# Hello from Tripoli - Libya



## Libyan Beekeeper (Jun 24, 2008)

Hello all,

I have been lurking for quite sometime on this forum, and I just thought I’d introduce myself to the forum.
My name is Seddig, I am fairly new beekeeper 2 years now, I run 2 hives in my backyard, one of them is a TBH, I joined this forum almost a year ago.
My start with bees was not planned at all, it started when I managed to catch a swarm while I was driving on a farms road, with the help of local beekeeper I installed the swarm in a lang hive, it was my luck that those bees I collected were gentle, since then I started to read about beekeeping, and try to learn as much as I can, during my search for information I came across this forum, and became a member so I can get access to the valuable information from experienced beekeepers.
Here I am after 2 years from that swarm catching I can say I can manage my 2 hives independently.
Thank you all for the great forum, and wish you all the best.
By the way: you have to deal with my poor English, I have done my best to compose this post without mistakes.

LBK
Seddig


----------



## c10250 (Feb 3, 2009)

Welcome!


----------



## Joel (Mar 3, 2005)

*Beesource worldwide!*

Greetings from the USA Seddig. Our English is good but you may have to deal with our spelling from time to time! 

Welcome to the board and please share as much about beekeeping in Libya as you can, it certainly is a new horizon for most of us!


----------



## Bizzybee (Jan 29, 2006)

From the rhetoric that gets stirred up now and then, one wouldn't think we understand each other sometimes. So don't sweat it dude! Just jump in the middle of it and enjoy yourself! Glad to have you with us!


----------



## Bear Creek Steve (Feb 18, 2009)

*Beekeeping in Libya*

Seddig,

Welcome to BeeSource.com. You will learn many things at this website and get lots of answers. Just feel free to ask your questions and we will all help you out. Be aware that if you ask the same question of two beekeepers you will get three answers. Years ago I was in Libya.
Bear Creek Steve


----------



## josethayil (Jul 17, 2008)

Hi there, just wondering what bees do you use in libya?


----------



## tecumseh (Apr 26, 2005)

welcome aboard seddig. what kind of bees might you have in north africa? 
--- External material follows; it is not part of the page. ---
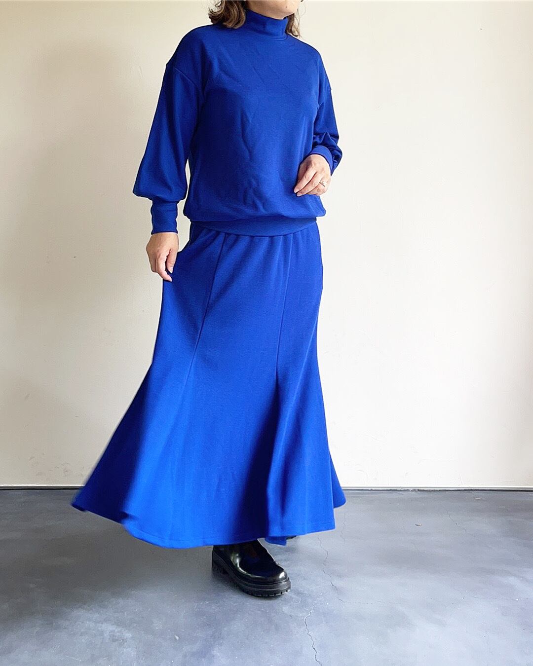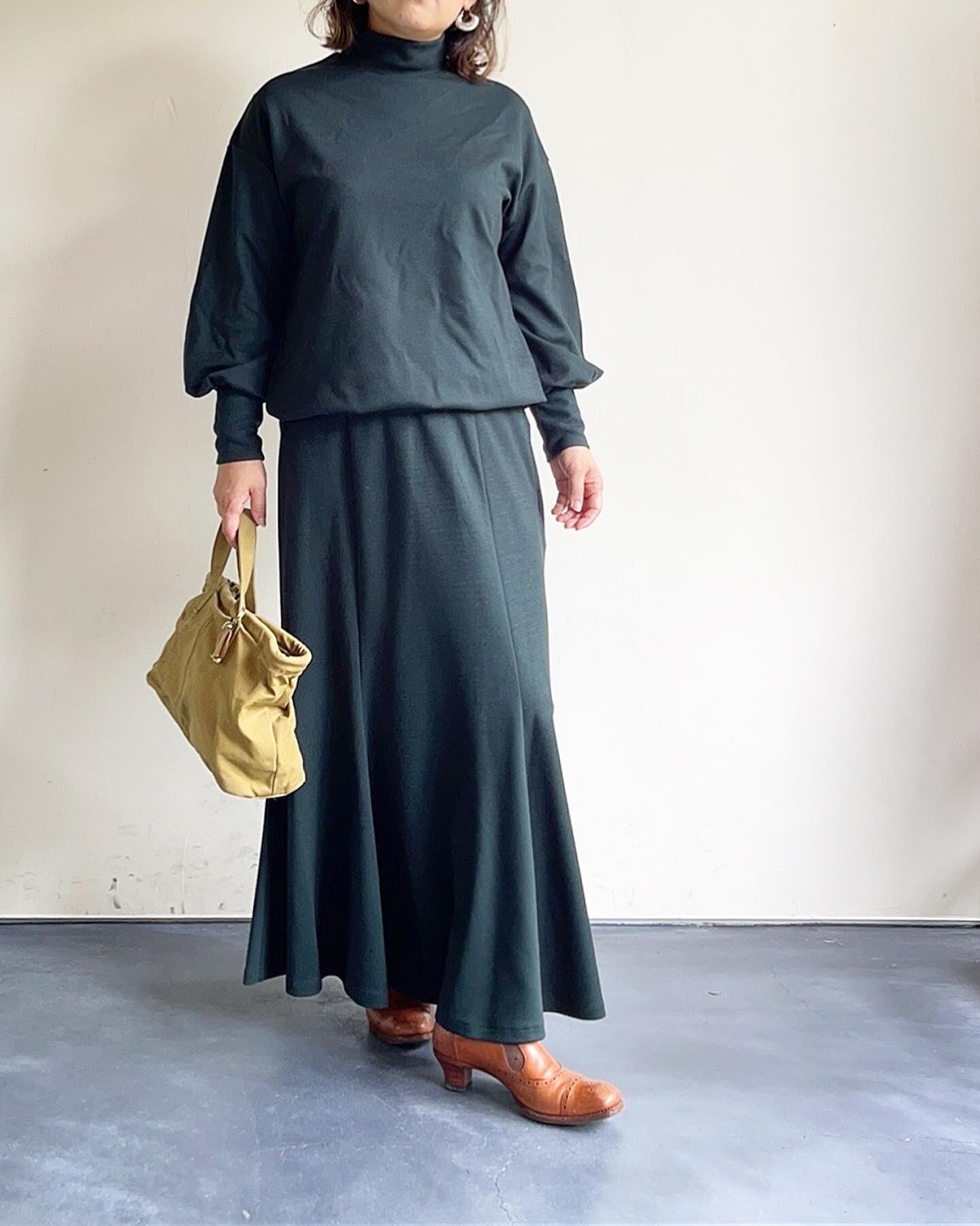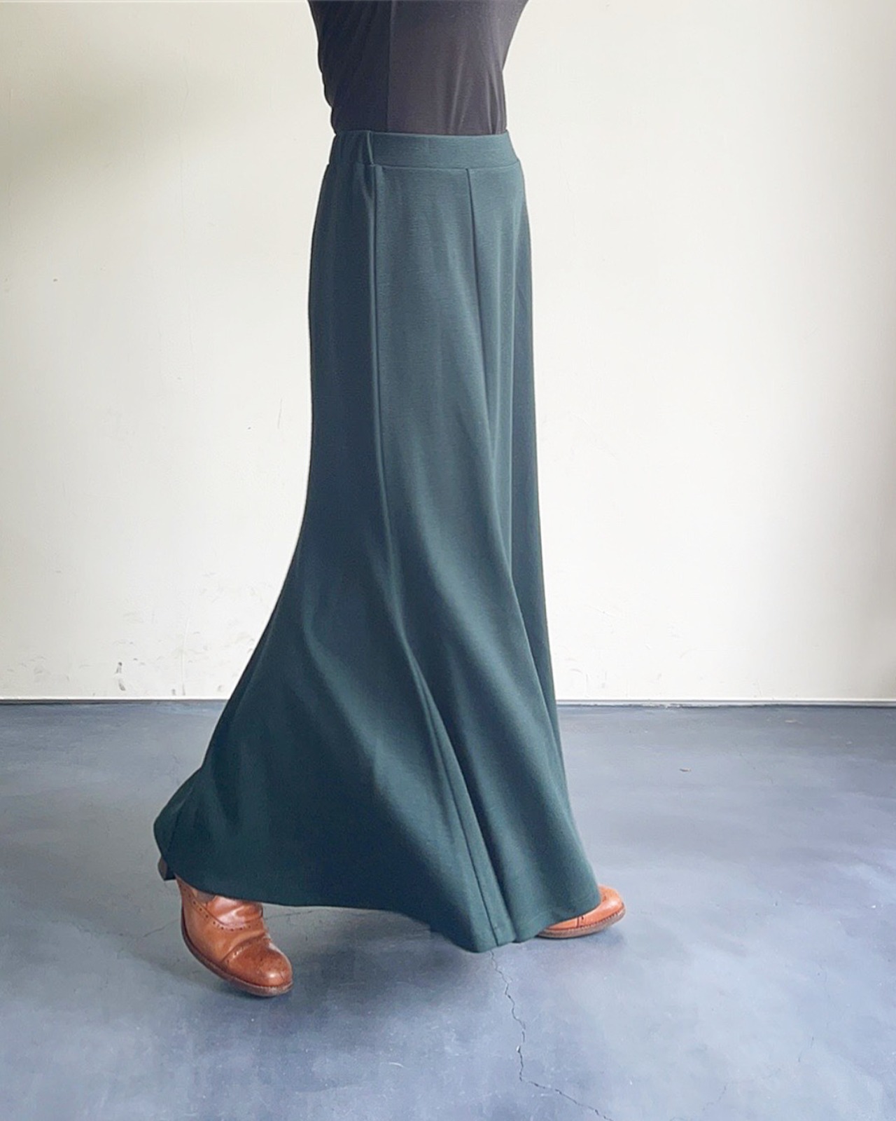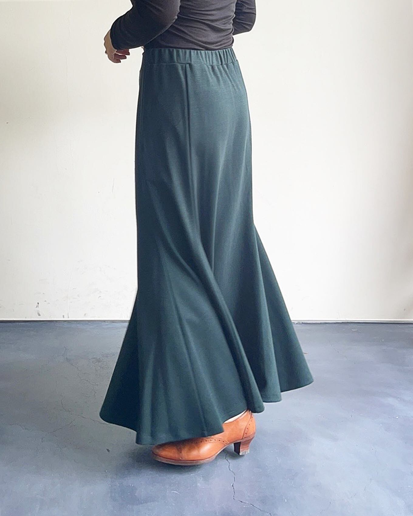 繊維径が非常に細い上質なSuper 120’s ウールにポリエステル糸を組み合わせ、ウール本来のソフトで暖かいタッチとイージーケア性を同時に発揮する高密度ジャージー素材を使用した、マーメイドスカート。

my ain't we gettin' real international here at beesource? which is a good thing, I would think.


----------



## Libyan Beekeeper (Jun 24, 2008)

Thank you all for the warm welcome,

Iam so happy that i found such a community i may need to ask about bees. i will never hesitate to aske anything no matter how stupid it maybe.

well the bees iam having are likely to be italian, in this country I couldnt get an answer to what races of bees that exsist. and Its very difficult to find out as Its all mixed up races.

I will try to post some pIctures of my bees just for your courisity,and i might get an answer from you guys..

LBK
Seddig


----------



## Libyan Beekeeper (Jun 24, 2008)

Bear Creek Steve said:


> Seddig,
> 
> Welcome to BeeSource.com. You will learn many things at this website and get lots of answers. Just feel free to ask your questions and we will all help you out. Be aware that if you ask the same question of two beekeepers you will get three answers. Years ago I was in Libya.
> Bear Creek Steve


Hi Bear Creek Steve,

Thank you very much for the welcom, Certainly i will learn more from this website and dont worry i will storm you with questions as soon as it come up.

Its very nice to know that you were in Libya, Were you in Oil fields Business??

LBK

SEddig


----------



## Elwood (Apr 8, 2009)

Seddig,
Your English is plenty good enough for me to understand. Welcome.


----------



## Michael Bush (Aug 2, 2002)

>I have done my best to compose this post without mistakes.

And I believe you succeeded...

Welcome.


----------



## Bear Creek Steve (Feb 18, 2009)

*Libya*

Seddig,

In the late1950's I assisted with some mapping work all over the country, but not with the oil industry.

Bear Creek Steve


----------



## seamuswildhoney (Jul 24, 2008)

welcome from south carolina i got into beekeeping because of the bees coming to me they got into a mobile home about to be moved cost me $320 usd so i kept the bees now 20 hives later i love bees more than ever i even gave a girl in the dominican republic an apitherapy sting she shook my right hand with her used to be crippled hand before i left. my fiancee is from nigeria, she wants to start beekeeping there! where are those mean african bees?


----------



## heaflaw (Feb 26, 2007)

Welcome Seddig. As well as you learning from posts from us here in the US, we are hoping we can also learn from you. If you know of ways that beekeepers in Libya do things differently, please let us know. Hopefully other beekeepers from your area will contribute also.


----------